The World Bank’s Transport Global Department has turned the spotlight on one of Africa’s fastest-growing cities, Dar es Salaam, in a new policy research working paper that unpacks the relationship between job accessibility, commuting patterns, and the efficiency of urban transport systems. Drawing on labor economics and job search theory, the study, authored by Atsushi Iimi, connects how far and how long people travel to work, what wages they earn, and how transport inefficiencies either enable or choke off opportunities. In doing so, it brings fresh empirical evidence to longstanding concerns about African urbanization outpacing job creation. Dar es Salaam’s population ballooned from 2.3 million in 2000 to more than 6.7 million in 2020, with projections suggesting it will top 13 million by 2035. Yet job creation has failed to keep pace, leaving unemployment stubbornly high at about 25 percent in the city compared with the national average of 18.6 percent. This imbalance has sharpened interest in transport as a hidden but decisive factor shaping labor outcomes.
The Commuting Paradox
The study challenges conventional wisdom that commuting is simply a waste of time and money. Instead, it finds that commuting in Dar es Salaam functions as a gateway to better jobs. Those who travel longer distances often access higher-paying employment. Survey data gathered in 2014 and 2015 reveal that the average one-way commute is 67 minutes, and women endure longer journeys than men, 77 minutes compared with 66 minutes. Globally, women typically travel shorter distances due to household duties, but in Dar es Salaam, the opposite is true. The financial burden is heavy: transport costs consume 16 percent of women’s monthly earnings and 13 percent for men. With a third of the workforce still walking to work, nearly half using informal minibuses called dala dalas, and only a small share relying on cars or taxis, the daily commute is both a financial and physical strain.
Inefficiency that Lowers Incomes
What emerges clearly from the research is that inefficiency in the transport system is depressing wages. Workers forced to use multiple modes of transport, or those traveling during congested peak hours, consistently earn less. Mode transfers add time and hassle without bringing higher returns, and congestion restricts mobility at critical hours. Figures in the report show that while wages rise with commute length, they fall when commuters must change modes or travel during rush hour. The conclusion is stark: Dar es Salaam’s fragmented and uncoordinated mobility system undermines access to well-paying opportunities. Improving integration between modes, particularly during peak periods, could unlock significant wage gains and allow workers to reach better jobs faster.

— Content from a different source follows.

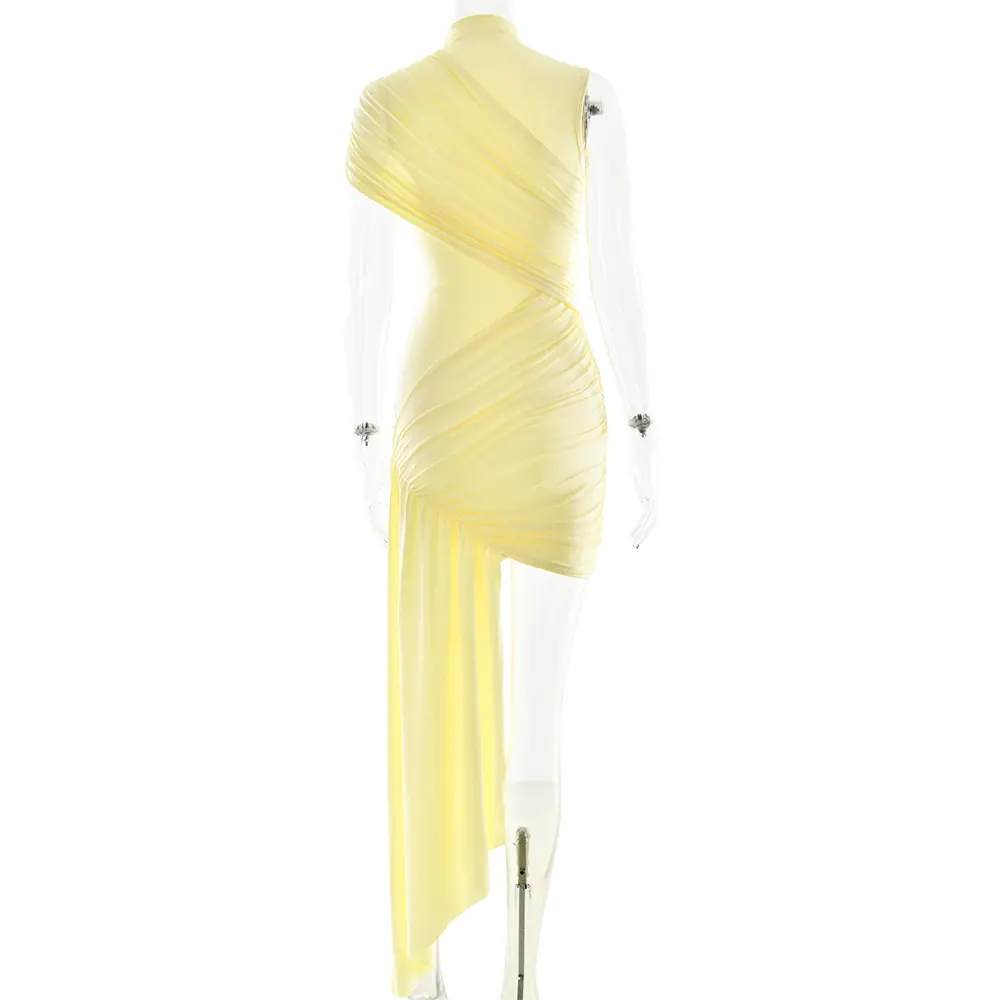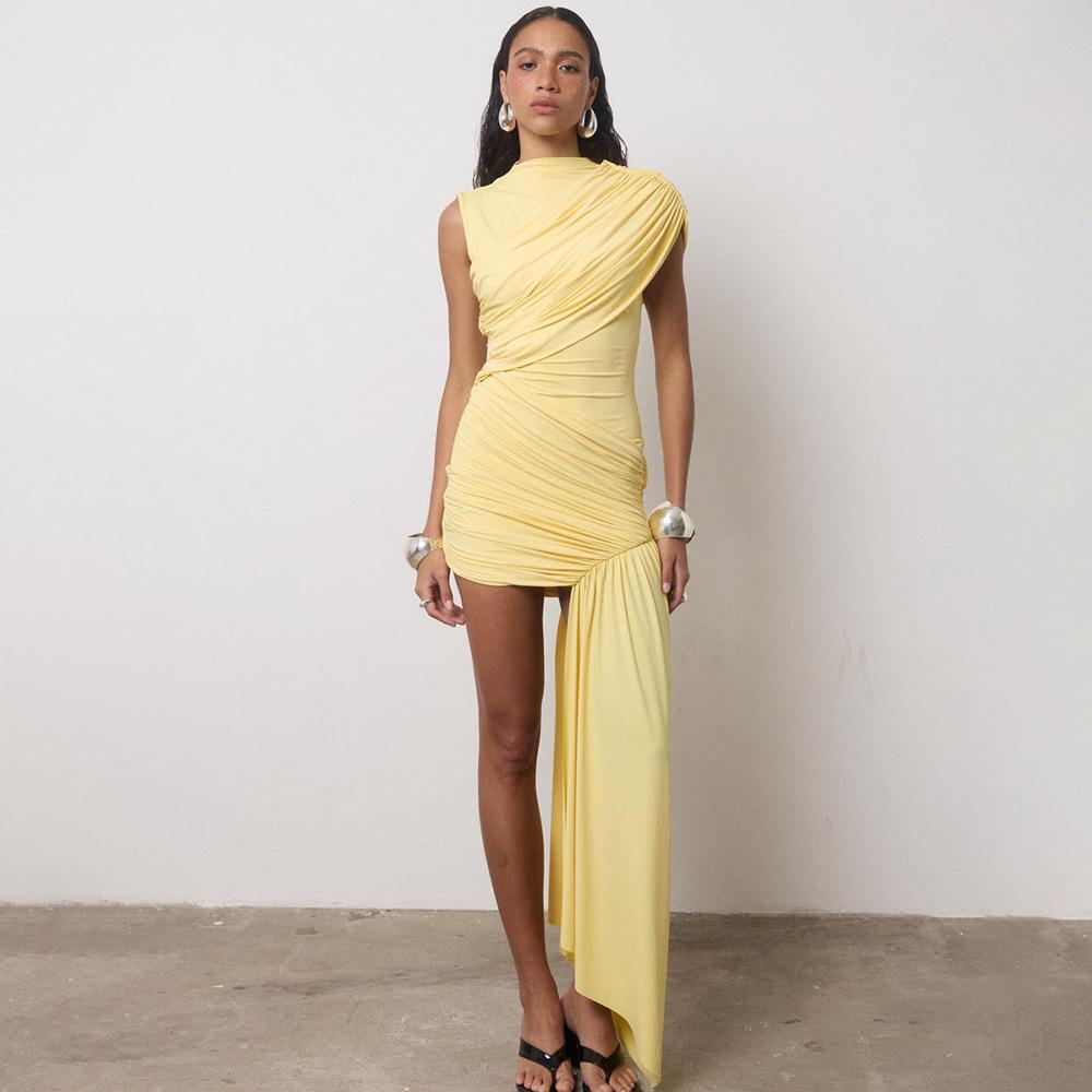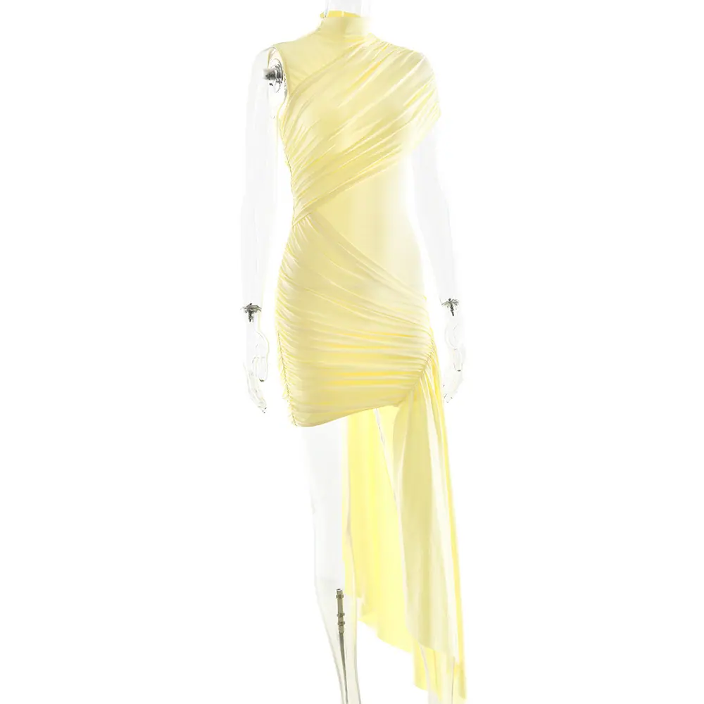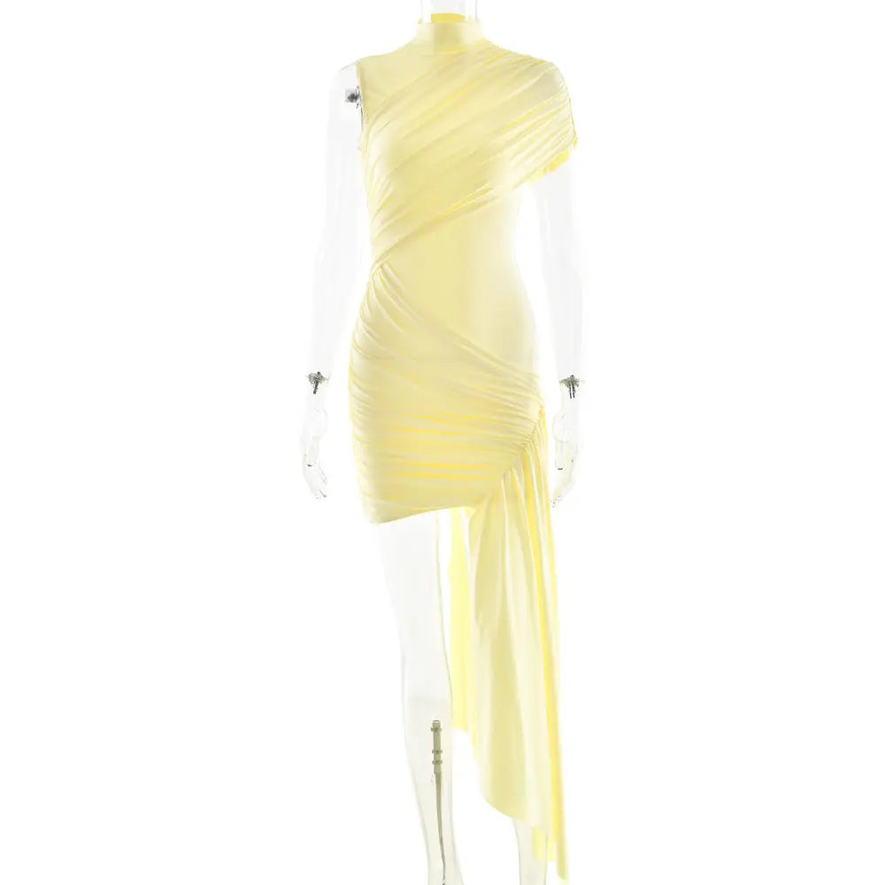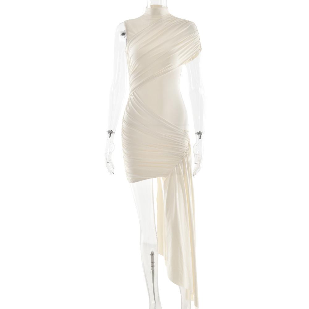 Compra Vestido de verano ajustado con tirantes, cuello redondo, plisado, sin mangas, irregular, estilo transfronterizo europeo y americano. al por mayor en Joom.pro

Private vs. Public Transport Divide
A striking finding is the sharp income divide between private and public transport users. A 60-minute commute by private car or taxi is linked to wages worth about US$330 a month, compared to just US$57 for public minibus users and around US$45 for a 25-minute walk or bicycle ride. Private transport provides flexibility, speed, and wider job access, but its dominance poses a policy dilemma. If more people gravitate toward cars, Dar es Salaam risks deepening congestion, inequality, and carbon emissions. Public transport, meanwhile, remains hampered by safety concerns, unreliability, and limited coverage. For women in particular, unsafe or uncomfortable public transport discourages usage, reinforcing dependence on walking or more costly options. The paper warns that unless public transport is modernized, reliable, and better integrated with informal systems, it cannot serve as the equalizer policymakers hope for.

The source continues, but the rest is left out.